EXERCISE |
Starting at the first line of the listing below, repeat each line up to and including the one containing "НИЖЕГОРОДХИМ, торговая компания". Leave out pictures.

RECORDED DATA |

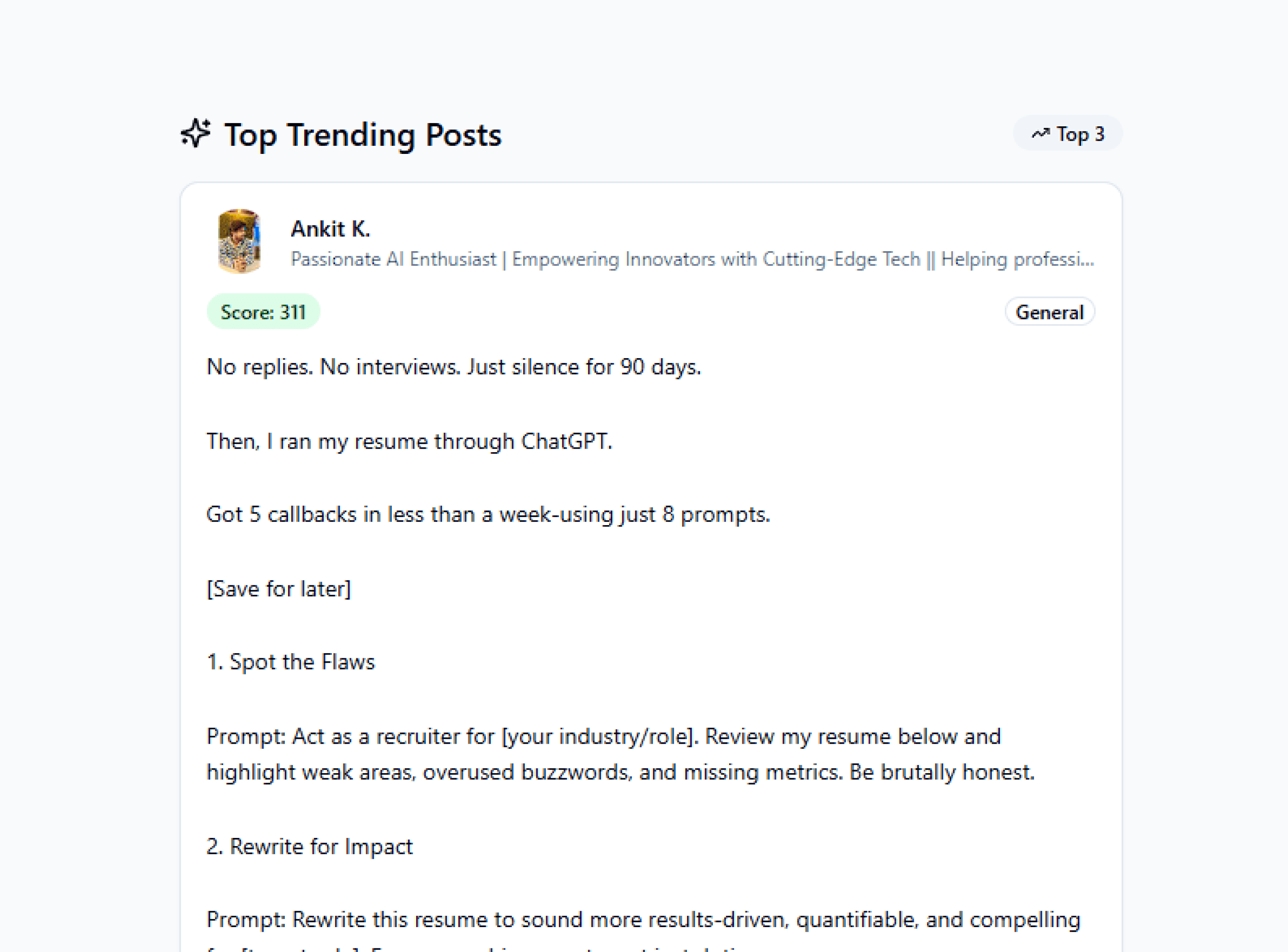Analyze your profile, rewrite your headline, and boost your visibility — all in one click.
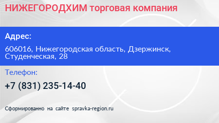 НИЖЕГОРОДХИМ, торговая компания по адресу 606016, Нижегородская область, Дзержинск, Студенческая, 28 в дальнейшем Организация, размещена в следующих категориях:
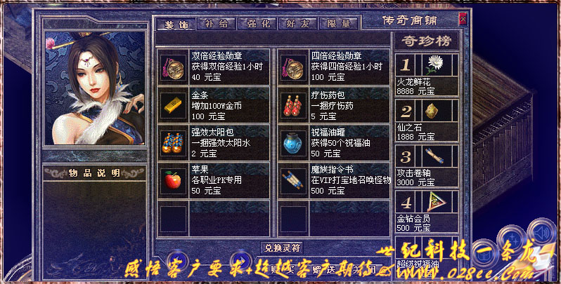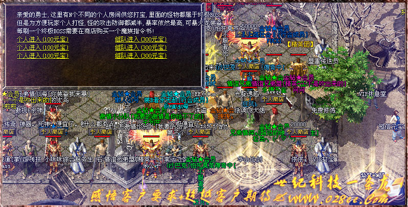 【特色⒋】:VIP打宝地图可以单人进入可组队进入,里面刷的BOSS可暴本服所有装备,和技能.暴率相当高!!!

ANSWER BELOW |
Analyze your profile, rewrite your headline, and boost your visibility — all in one click.
 НИЖЕГОРОДХИМ, торговая компания по адресу 606016, Нижегородская область, Дзержинск, Студенческая, 28 в дальнейшем Организация, размещена в следующих категориях:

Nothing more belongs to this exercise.